Matching Anything by Segmenting Anything

Siyuan Li; Lei Ke; Martin Danelljan; Luigi Piccinelli; Mattia Segu; Luc Van Gool; Fisher Yu

2024 CVPR CVPR 2024

Matching Anything by Segmenting Anything

Abstract

The robust association of the same objects across video frames in complex scenes is crucial for many applications especially object tracking. Current methods predominantly rely on labeled domain-specific video datasets which limits cross-domain generalization of learned similarity embeddings. We propose MASA a novel method for robust instance association learning capable of matching any objects within videos across diverse domains without tracking labels.
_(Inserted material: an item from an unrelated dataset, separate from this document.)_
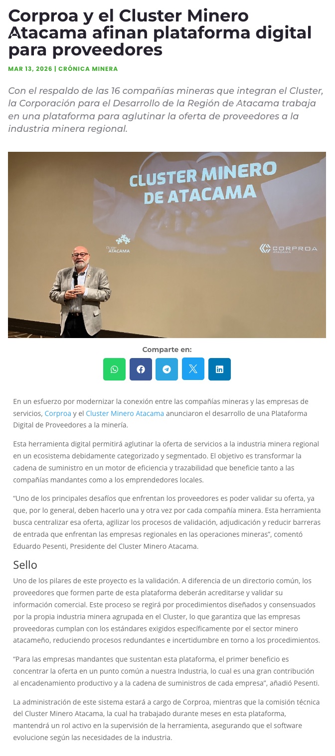 Impulsan plataforma digital para conectar proveedores con la minería - (El Diario de Atacama)

Leveraging the rich object segmentation from the Segment Anything Model (SAM) MASA learns instance-level correspondence through exhausive data transformations. We treat the SAM outputs as dense object region proposals and learn to match those regions from a vast image collection. We further design a universal MASA adapter which can work in tandem with foundational segmentation or detection models and enable them to track any detected objects. Those combinations present strong zero-shot tracking ability in complex domains. Extensive tests on multiple challenging MOT and MOTS benchmarks indicate that the proposed method using only unlabelled static images achieves even better performance than state-of-the-art methods trained with fully annotated in-domain video sequences in zero-shot association. Our code is available at https://github.com/siyuanliii/masa.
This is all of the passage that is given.